There will be times over the course of your money management journey where people would throw in some financial myths for you to consider. There are a lot of myths that older people observe and follow when it comes to their finances. And the same people have the tendency to pass them on to the younger generation as unbendable facts that needs to be pursued at all cost.
They are very adamant about passing on the tradition because they have been religiously following these myths for most part of their life. They are believers and swear by the effectiveness and results it has brought to their financial lives. But as managers of your own financial journey, you need to screen and be quite discerning with your financial decisions in life.
One wrong move with your budget and you can feel the effects of that for quite some time. But when it comes to your financial problems, it is not fair to just put the blame squarely on these financial myths. There are a multitude of reasons you can be in the red and these myths can just be one of them provided you also started following them.
As soon as people start giving you pieces of advice with what to follow with regards to your finances, you always have to take them with a grain of salt. This is because what works for some people, provided these myths do even work at all, does not make it a hard and fast rule for all the others. The financial situation will differ from one person to another and as such, it would require different management styles.

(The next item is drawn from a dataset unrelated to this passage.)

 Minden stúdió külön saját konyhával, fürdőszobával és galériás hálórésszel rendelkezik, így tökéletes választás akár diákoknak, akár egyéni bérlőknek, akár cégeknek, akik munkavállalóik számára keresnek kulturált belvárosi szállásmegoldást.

Financial myths to stay away from
As you try to manage your own finances, you will encounter some of these money myths along the way. The idea is to understand and be able to identify these myths so you can stay away from them as they do not really put any good value into your financial journey. At most, it could only put your finances in peril.

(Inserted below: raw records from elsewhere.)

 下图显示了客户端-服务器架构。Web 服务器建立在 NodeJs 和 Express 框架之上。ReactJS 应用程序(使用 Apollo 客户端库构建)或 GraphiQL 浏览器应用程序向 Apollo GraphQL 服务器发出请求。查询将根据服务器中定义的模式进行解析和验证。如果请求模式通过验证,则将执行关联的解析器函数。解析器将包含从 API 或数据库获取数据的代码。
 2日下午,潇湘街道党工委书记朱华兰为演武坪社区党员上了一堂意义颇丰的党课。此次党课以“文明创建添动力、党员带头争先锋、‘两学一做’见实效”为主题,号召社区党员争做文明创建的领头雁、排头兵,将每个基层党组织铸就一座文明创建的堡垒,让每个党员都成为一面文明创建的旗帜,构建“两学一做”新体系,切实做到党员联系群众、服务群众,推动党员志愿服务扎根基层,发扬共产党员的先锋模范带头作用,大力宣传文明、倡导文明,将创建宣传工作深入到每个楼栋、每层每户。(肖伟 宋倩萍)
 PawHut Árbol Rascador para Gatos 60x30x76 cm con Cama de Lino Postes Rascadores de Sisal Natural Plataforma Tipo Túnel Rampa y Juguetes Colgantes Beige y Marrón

Your credit limit should not be synonymous to your budget
It is not surprising that you use your credit card to run your household budget. There are even circumstances that you assign cards for very specific purchases to be able to maximize its advantages. Some use a specific credit card to pump gas because or to buy groceries to get rebates or reward points. But one thing you should never do is max out your cards intentionally. There might be emergency situations wherein you use and max out your card but this should never be the rule but rather the exception. Do not factor in the credit limit of your credit cards when you are making a household budget.
Things will always work out and there is no need for reserve funds
It is a good idea to be an optimist in life and but that does not mean you should turn a blind eye to potential pitfalls along the way. You need to be prepared for whatever circumstance that will come your way in the future such as medical emergencies, home repair, a car accident and even job loss. These are just some of the things that might happen which can impact your finances and could be best addressed by reserve funds. Sadly, CNBC.com shared that there are about 29% of American consumers who doesn’t really have any reserve funds to speak of. This can lead to more financial complications over the course of time especially when emergencies arise.

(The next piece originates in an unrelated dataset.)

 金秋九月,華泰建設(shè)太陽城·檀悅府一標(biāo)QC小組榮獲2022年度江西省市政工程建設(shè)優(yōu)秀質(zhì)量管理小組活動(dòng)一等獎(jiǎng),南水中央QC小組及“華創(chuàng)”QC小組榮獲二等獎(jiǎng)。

Insurance is just for the weak
Many people refer to this as something you hope you never need but would undoubtedly be a crucial item when you need it. Take an insurance for your home for example where you might see it as unnecessary expense because you don’t feel like anything is going to happen. If you look at the statistics and base what NFPA.org has reported on the average number of fires in a year against the population, less than 1% of homes are affected. The chances of your house getting burned down is so slim but what if it happens and you do not have insurance? It is better to have it and not use it than need it and not have it.
You are wasting your money on a retirement plan
Live in the moment is what most people would tell you when the topic of retirement fund comes up. This is because you are forced to give up some luxuries you could enjoy at present to prepare for future needs. The reason why saving up for retirement sometimes get a bad reputation is because there are some people who are overdoing it. They take extreme measures that it scares people away. The idea is to plan for the future but learn how to enjoy life at present as well. You can enjoy a good meal with friends every now and then but not every night. You can buy new clothes which you can use for work but not every week.
Sound money advice
Now that you have an idea about the financial myths you need to avoid, here are a few sound pieces of advice you could consider when it comes to managing your finances.
- Prepare a budget and stick to it. One of the cornerstones of your financial strength would be your household budget. You need to be able to put one together at the start of your financial journey. This would enable you to have a blueprint of your overall finances and help you make informed decisions. It might be intimidating at first but you do not need a complicated formula to begin with. You can start off with writing down your income and expenses and ensuring that you are able to cover every payment with the income that is coming in.
- Plan ahead for big expenses. The time will come that you would want or need to consider big ticket items such as buying a house, purchasing a car or starting your own business. In these cases, you would need quite an investment to begin with either as downpayment or equity on the venture. Financial myths will not play a big part in these as you have to put in forward planning to veer away from a big loan. Of course the possibility of taking out a mortgage or a car loan will always be there but being able to save as much as you can as down payment would help you lower down the amount you have to borrow and in essence, save you interest payment as you go along.
- Invest in yourself. Making investments is one of the smartest things you can do and one that can help you increase your financial strength in the future. But what you might have in mind would be stocks and other forms of bank investments. There is nothing wrong with these options but you need to remember that you can also invest in yourself. You can take up short courses to improve your skill or acquire a new one which you can earn off of. The bottomline is that you need to think of yourself every time you are talking about investments.
There are a lot of financial myths out there that could find its way to you. It can come from your parents, grandparents and even acquaintances and friends. The idea is to keep an open mind when coming across these myths and always look at the bigger picture and how sound the advice is when you benchmark it with accepted financial practices.